Scatter plot of negative log-10 p-values showing MetGen and GoDARTS above the genome-wide threshold and SUGAR-MGH far below it.

Negative log-10 p-values by study. The European discovery signals clear the genome-wide threshold while the multi-ancestry replication points fall near zero.

Was the non-replication real, or just underpowered?

This is the question that decides whether the finding means anything, so I answered it directly with a post-hoc power calculation. Given SUGAR-MGH’s precision, its power to detect the European-sized SLC2A2 effect at genome-wide significance was only about 3%. Reaching 80% power would have required roughly 26,000 participants, about three times the sample available.

That result cuts honestly in both directions, which is the point of running it. The non-replication is not clean proof of a true ancestry difference, because the replication cohort was underpowered for a strict genome-wide test. But the effect-direction reversal and the extreme heterogeneity are not artifacts of power, and at a nominal threshold the study was well powered (94%). The most defensible reading is that a single universal effect size is not supported, and that adequately powered multi-ancestry cohorts are needed to say more.

Why it matters

This small analysis mirrors a real problem in global drug development.

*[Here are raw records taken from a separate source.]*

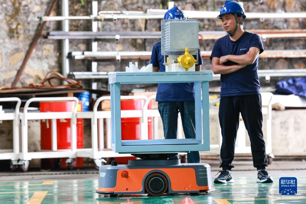 7月25日,工作人員在調試促動器自動化維護機器人平台系統。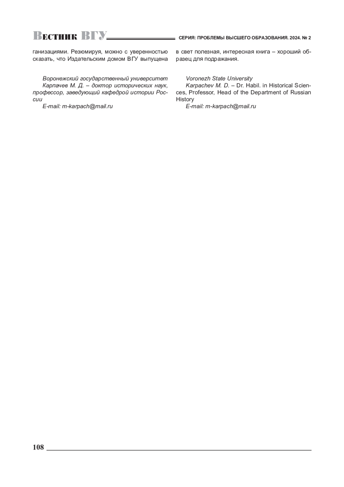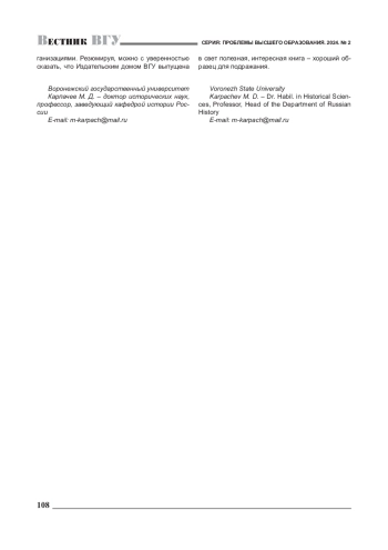 В феврале 2023 г. кафедрой социологии и политологии исторического факультета Воронежского государственного университета был проведен круглый стол, посвященный трансформации системы высшего образования в Российской Федерации. Был затронут ряд важных проблем, связанных с нынешним состоянием системы высшего образования и возможными результатами ее реформирования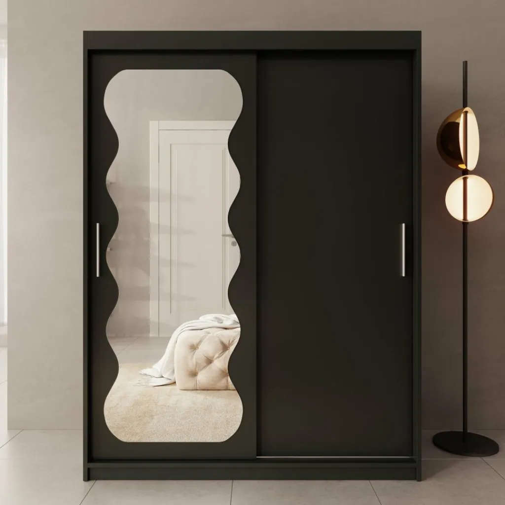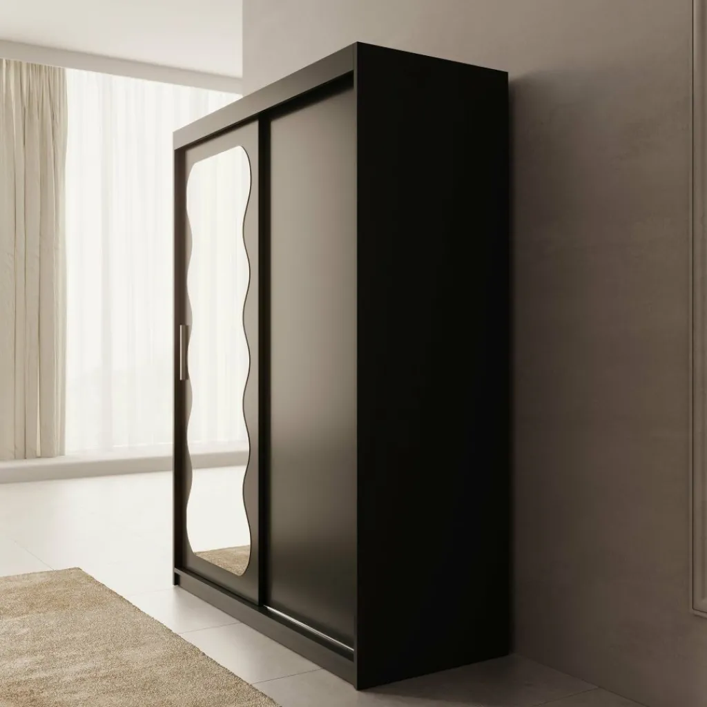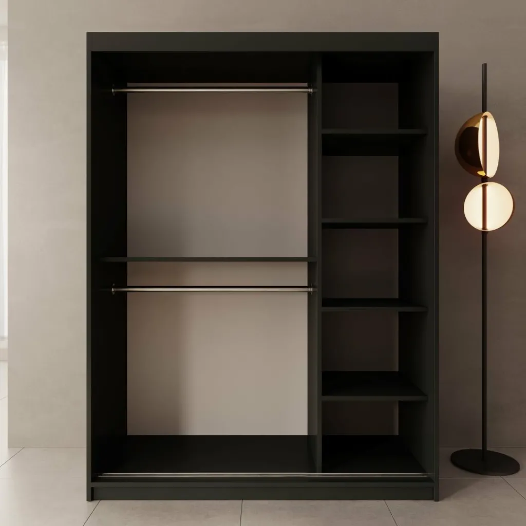 De Sentoji kledingkast is een praktische schuifdeurkast uitgevoerd in zwart en geschikt voor de slaapkamer of dressing. Met een breedte van 150 cm, een diepte van 62 cm en een hoogte van 200 cm biedt de kast ruime en overzichtelijke opbergruimte zonder veel vloeroppervlak in te nemen.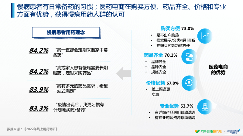 受到新冠疫情影響,線上購藥近年來增長迅速,也改變了大家的購藥習慣,這點不僅體現在人群特征上,從線下到線上,從即時性購藥到計劃性備藥等均有變化。《白皮書》顯示,疫情出現后,有近八成消費者習慣于有計劃備藥,近九成慢病患者因為線上購藥方便、藥品齊全、價格和專業等優勢,表示“我一直都會定期采購家中常備藥”。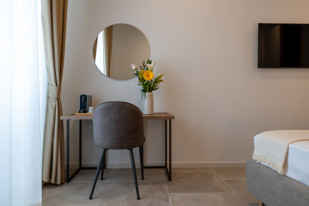 Les chambres sont situées dans une élégante villa à seulement 150 mètres de la mer. Spacieuses et équipées de tout le confort, elles disposent toutes d'une entrée séparée avec un petit patio en face, où vous pourrez vous détendre entre la nature et les odeurs de notre végétation. Toutes sont équipées de: climatisation, réfrigérateur, sèche-cheveux, ligne de courtoisie.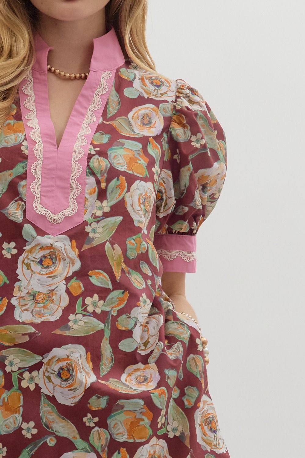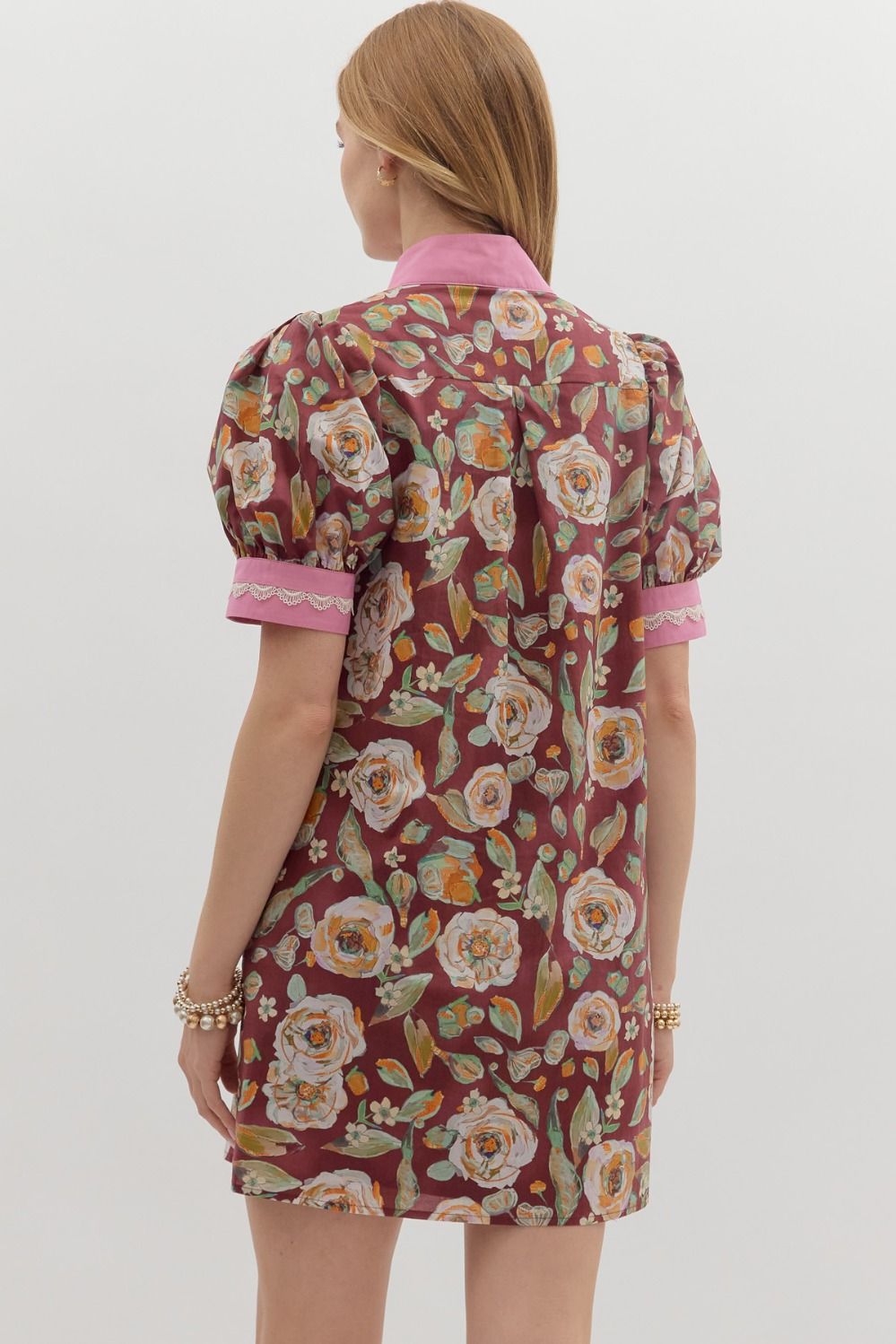 Brighten your day with the playful Watercolor Florals Dress. This short puff mini dress features a scallop inset with contrast accents on the V-neck band and sleeves, adding a sweet touch to its floral print. Practical side pockets and a lightweight, woven 100% cotton fabric make it as comfortable as it is charming. Fully lined and non-sheer, it’s perfect for sunny outings or casual gatherings where style meets ease.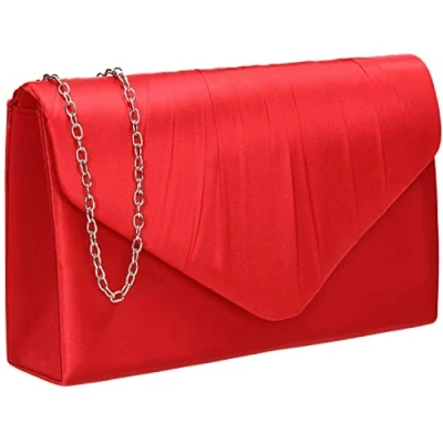 LOOK FAB - Gorgeous Satin Clutch which looks Simple & Elegant and is easy to match with your perfect outfit. INFO - Size: 22 x 14 x 5.5 cm Approx, measured from largest points, MATERIAL: Satin, Silver Chain Strap Included. TYPE: Envelope Shape Clutch Bag. CLOSURE: Magnetic Snap Button STYLE - This Clutch is a perfect elegant accessory for your formal occasions. Match the bag with shoes or fascinators for that polished look.The flap has a magnetic button snap which just clicks shut. The Clutch is perfect size for Smartphone, Cards, Lipsticks and essentials. OCCASIONS - Perfect Bag for Prom or Weddings & ideal to match with Bridesmaids outfits. These clutches will go beautifully with Glam days out such as the Races & Garden Parties. Can hold as a Clutch Bag / Purse or wear on shoulder with the removable chain strap. GUARANTEED - We love these Clutches and we are sure you will too. However if for any reason you don't, just send it back our way for a full refund. Buy with confidence, SWANKYSWANS is a trusted British Brand.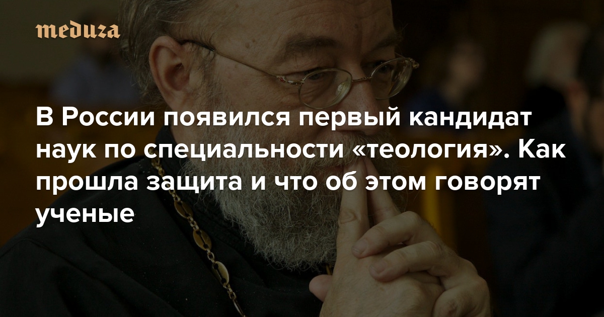 1 июня в России появился первый кандидат наук по научной специальности «теология». Президиум Высшей аттестационной комиссии (ВАК) включил эту дисциплину в список научных специальностей в октябре 2015 года после того, как за такое решение высказался патриарх Кирилл. Первую кандидатскую защитил священник РПЦ Павел Хондзинский, декан богословского факультета Православного Свято-Тихоновского гуманитарного университета. Тема работы: «Разрешение проблем русского богословия XVIII века в синтезе святителя Филарета, митрополита Московского». По просьбе «Медузы» журналистка Ирина Кравцова отправилась на защиту, поговорила с соискателем и учеными, выступающими за и против включения теологии в официальный список ВАК.

  1. Companion diagnostics. A test built on SLC2A2 genotype alone would perform well in European patients and could mislead for patients of other ancestries.
  2. Trial diversity. It is a concrete illustration of why regulators have pushed for ancestry diversity in clinical trials. A marker validated in one population may not predict response in another.
  3. Stratified prescribing. The heterogeneity argues for an ancestry-aware rather than universal model of metformin pharmacogenetics.

Limitations

I would rather state these than have a reviewer find them. Only two studies were available for the primary pooled estimate (k = 2), which limits the precision of the τ² estimate. The association-only files restricted me to a candidate-SNP rather than a genome-wide approach. The ATM comparison is descriptive only, because of the binary-versus-continuous outcome mismatch. And as the power analysis makes explicit, the replication cohort was underpowered for a strict genome-wide test.